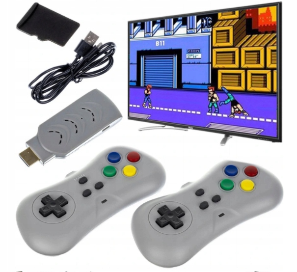 ✔️ BARDZO SZYBKIE PODŁĄCZENIE DO TV – w zestawie znajduje się wszystko czego potrzebujesz do grania. Po wyjęciu zestawu z opakowania wystarczy podłączyć konsolę do telewizora lub monitora z wejściem HDMI. Podpiąć przewód zasilający do konsolki i portu USB (zaświeci się czerwona dioda w konsoli). Włożyć baterie do padów (brak w zestawie) i GOTOWE!
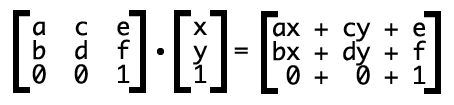 ax+cy+e为变换后的水平坐标,bx+dy+f表示变换后的垂直位置
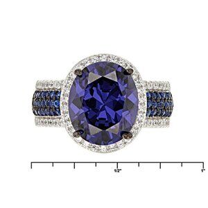 🔥 Royal Blue Oval Zircon Multi Row Elegant Silver Trendy Rings for Women, PD550
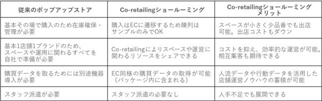 ■従来のポップアップストアと比較したCo-retailingショールーミングの特長
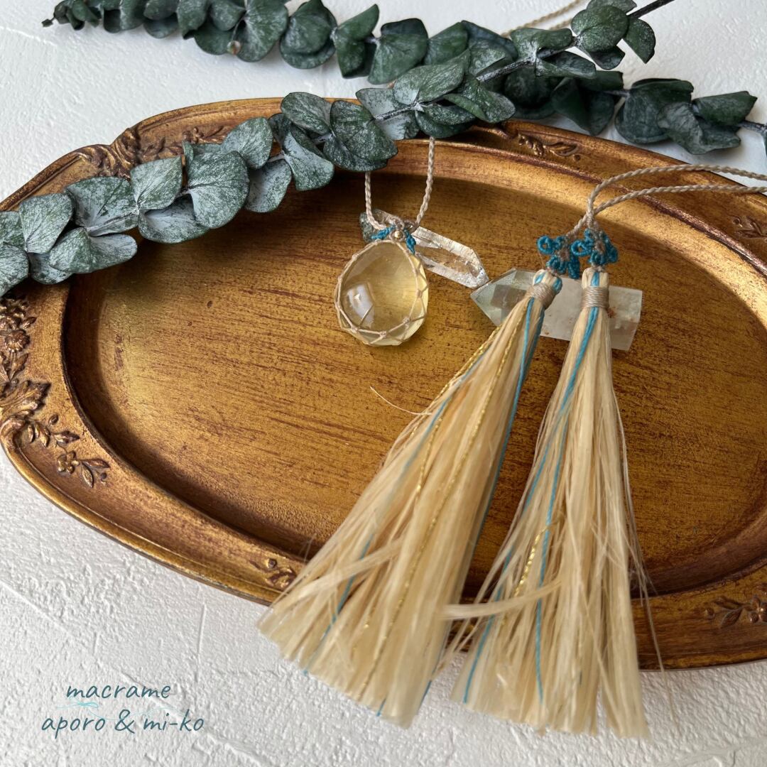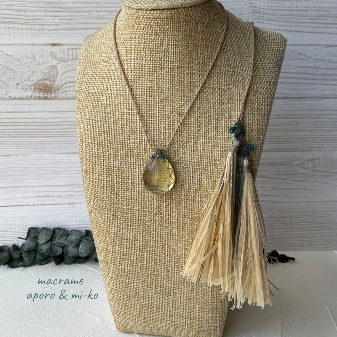 レモンクォーツ 精麻タッセル マクラメネックレス
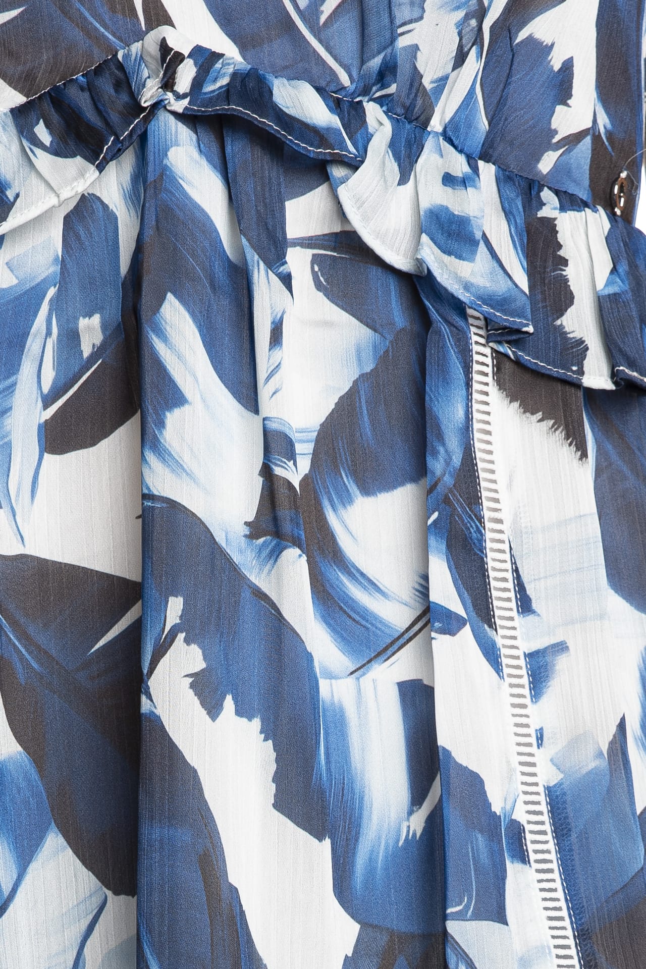 Vestito corto Guess Ss Orsola Flare Dress da donna in georgette di poliestere parzialmente riciclato micro plissettat stampata in fantasia botanica, modello svasato, con fodera sintetica, scollo a V, balze su spalline fisse elasticizzate, taglio sotto seno e fondo della gonna, chiusura zip a scomparsa posteriore e inserti passamaneria a contrasto
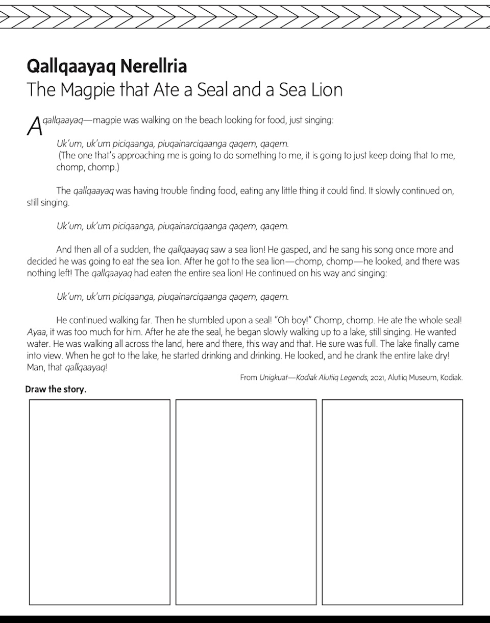 Our activity book is packed full of coloring pages, puzzles, crafts, games, and recipes inspired by Kodiak’s Native culture. Send a message with pictographs, play Alutiiq Word games, make paper dolls, create a tea party, and much more.
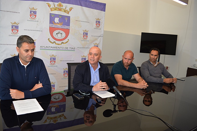 Tras la Mesa de Contratación, el alcalde de Tías, Pancho Hernández, acompañado por el teniente de alcalde, Amado Jesús Vizcaíno, y los concejales de Economía y Hacienda, Ramón Melián, y Deportes, Francisco Javier Aparicio Betancort, informó que el Ayuntamiento se acogerá a las nuevas determinaciones del Real Decreto Ley 1 /2018, donde se permite a las Corporaciones Locales saneadas destinar el superávit a este tipo de instalaciones, aspectos que hasta marzo impedía la normativa.
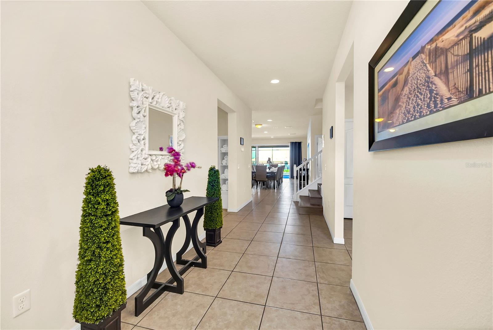 Home Atualizado sem tapete, novo piso! Piscina privada com vista para o lago! Novo queimador de vidro com alcance de airfryer. Nova geladeira nova churrasqueira. Telhado de telha! Sem telhas, mais durável! Uma casa impressionante e expansiva de 9 quartos e 6 banheiros, aninhada no desejável Windsor no Westside Resort. Esta propriedade luxuosa, construída em 2016, oferece generosos 4.391 pés quadrados de espaço de estar espalhados por dois andares, proporcionando amplo espaço para relaxamento e entretenimento. A casa possui uma piscina privada, perfeita para apreciar o ensolarado clima da Flórida. No interior, o resfriamento do sistema dividido garante conforto, enquanto o sistema de aquecimento de pacotes mantém a casa aconchegante durante os meses mais frios. A cozinha está equipada com utensílios de aço inoxidável de alta qualidade, bancadas de granito e armários de café expresso elegantes. Os pisos de madeira foram substituídos em 2023 e há um novo conjunto de máquinas de lavar. Além disso, a geladeira tem menos de cinco anos. O exterior possui uma construção durável de madeira/estuque e um teto de ladrilhos de cimento, garantindo a longevidade e a manutenção mínima. A casa lindamente projetada está situada em um lote considerável, oferecendo muito espaço ao ar livre para atividades e reuniões. Localizada perto das principais atrações, compras e restaurantes, esta casa oferece luxo e conveniência. Não perca esta oportunidade excepcional de possuir um pedaço do paraíso em uma das comunidades mais procuradas de Kissimmee.
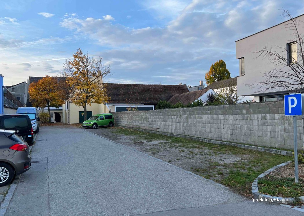 Öffentlicher Parkplatz in der Nähe der Kirche und dem Rathaus. Nur ca 20 - 30 m zur Dorf- Hauptstraße mit zahlreichen Heurigen. Nächtigung wird geduldet. Wir haben eine sehr ruhige Nacht verbracht. Der Platz ist jedoch eher für kleinere Mobile (zB Kastenwägen). Es sind für ca 3 Vans Längsparkplätze verfügbar. Ca 200 m zum kleinen Dorfladen, der wochentags bereits um 6:30 öffnet (zumindest war das bei unserem Besuch so). Idealer alternativer Standort zum ebenfalls beschriebenen Parkplatz in Sooß.

####################

• EXERCISE BRIEF: Print the material word for word without images.

• RESPONSE TO THE TASK:
 ✔️ BARDZO SZYBKIE PODŁĄCZENIE DO TV – w zestawie znajduje się wszystko czego potrzebujesz do grania. Po wyjęciu zestawu z opakowania wystarczy podłączyć konsolę do telewizora lub monitora z wejściem HDMI. Podpiąć przewód zasilający do konsolki i portu USB (zaświeci się czerwona dioda w konsoli). Włożyć baterie do padów (brak w zestawie) i GOTOWE!
 ax+cy+e为变换后的水平坐标,bx+dy+f表示变换后的垂直位置
 🔥 Royal Blue Oval Zircon Multi Row Elegant Silver Trendy Rings for Women, PD550
 ■従来のポップアップストアと比較したCo-retailingショールーミングの特長
 レモンクォーツ 精麻タッセル マクラメネックレス
 Vestito corto Guess Ss Orsola Flare Dress da donna in georgette di poliestere parzialmente riciclato micro plissettat stampata in fantasia botanica, modello svasato, con fodera sintetica, scollo a V, balze su spalline fisse elasticizzate, taglio sotto seno e fondo della gonna, chiusura zip a scomparsa posteriore e inserti passamaneria a contrasto
 Our activity book is packed full of coloring pages, puzzles, crafts, games, and recipes inspired by Kodiak’s Native culture. Send a message with pictographs, play Alutiiq Word games, make paper dolls, create a tea party, and much more.
 Tras la Mesa de Contratación, el alcalde de Tías, Pancho Hernández, acompañado por el teniente de alcalde, Amado Jesús Vizcaíno, y los concejales de Economía y Hacienda, Ramón Melián, y Deportes, Francisco Javier Aparicio Betancort, informó que el Ayuntamiento se acogerá a las nuevas determinaciones del Real Decreto Ley 1 /2018, donde se permite a las Corporaciones Locales saneadas destinar el superávit a este tipo de instalaciones, aspectos que hasta marzo impedía la normativa.
 Home Atualizado sem tapete, novo piso! Piscina privada com vista para o lago! Novo queimador de vidro com alcance de airfryer. Nova geladeira nova churrasqueira. Telhado de telha! Sem telhas, mais durável! Uma casa impressionante e expansiva de 9 quartos e 6 banheiros, aninhada no desejável Windsor no Westside Resort. Esta propriedade luxuosa, construída em 2016, oferece generosos 4.391 pés quadrados de espaço de estar espalhados por dois andares, proporcionando amplo espaço para relaxamento e entretenimento. A casa possui uma piscina privada, perfeita para apreciar o ensolarado clima da Flórida. No interior, o resfriamento do sistema dividido garante conforto, enquanto o sistema de aquecimento de pacotes mantém a casa aconchegante durante os meses mais frios. A cozinha está equipada com utensílios de aço inoxidável de alta qualidade, bancadas de granito e armários de café expresso elegantes. Os pisos de madeira foram substituídos em 2023 e há um novo conjunto de máquinas de lavar. Além disso, a geladeira tem menos de cinco anos. O exterior possui uma construção durável de madeira/estuque e um teto de ladrilhos de cimento, garantindo a longevidade e a manutenção mínima. A casa lindamente projetada está situada em um lote considerável, oferecendo muito espaço ao ar livre para atividades e reuniões. Localizada perto das principais atrações, compras e restaurantes, esta casa oferece luxo e conveniência. Não perca esta oportunidade excepcional de possuir um pedaço do paraíso em uma das comunidades mais procuradas de Kissimmee.
 Öffentlicher Parkplatz in der Nähe der Kirche und dem Rathaus. Nur ca 20 - 30 m zur Dorf- Hauptstraße mit zahlreichen Heurigen. Nächtigung wird geduldet. Wir haben eine sehr ruhige Nacht verbracht. Der Platz ist jedoch eher für kleinere Mobile (zB Kastenwägen). Es sind für ca 3 Vans Längsparkplätze verfügbar. Ca 200 m zum kleinen Dorfladen, der wochentags bereits um 6:30 öffnet (zumindest war das bei unserem Besuch so). Idealer alternativer Standort zum ebenfalls beschriebenen Parkplatz in Sooß.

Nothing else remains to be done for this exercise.